Retrieval-Augmented Generation (RAG)
What is RAG
- A technique that enhances LLM responses by supplying external, up-to-date knowledge at inference time
- Combines two systems: a retrieval system and a generative model
- Addresses core LLM limitations: knowledge cutoff, hallucination, lack of domain-specific data
Core Problem RAG Solves
- LLMs are frozen at training time — they cannot access new or private information
- Fine-tuning is expensive and slow to update
- RAG allows dynamic injection of relevant context without retraining
RAG Architecture — Step by Step
1. Ingestion Pipeline (Offline)
- Raw documents are collected (PDFs, web pages, databases, etc.)

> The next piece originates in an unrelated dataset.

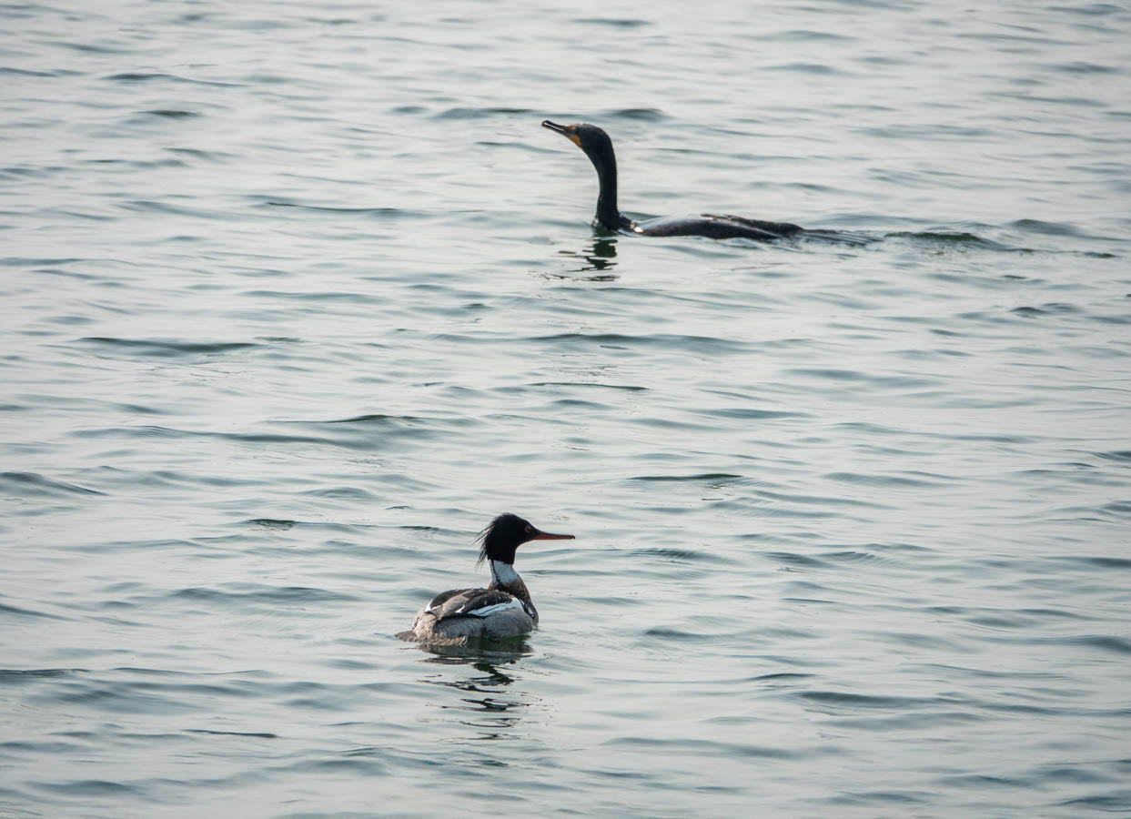 Double-crested Cormorant and Red-breasted Merganser

- Documents are split into smaller chunks (e.g., 256–512 tokens)
- Each chunk is passed through an embedding model to generate a vector representation
- Vectors are stored in a vector database (e.g., Pinecone, Weaviate, ChromaDB, FAISS)
2. Retrieval (Online — at Query Time)
- User submits a query
- The query is embedded using the same embedding model
- A similarity search (e.g., cosine similarity, dot product) is run against the vector store
- Top-k most relevant chunks are retrieved
3. Augmentation
- Retrieved chunks are injected into the LLM prompt as context
- Prompt is structured as: context + original query
4. Generation
- The LLM generates a response grounded in the retrieved context
- Output is based on real, sourced information rather than parametric memory alone
Key Components
- Embedding Model — converts text to dense vectors (e.g., OpenAI ada-002, BGE, Cohere Embed)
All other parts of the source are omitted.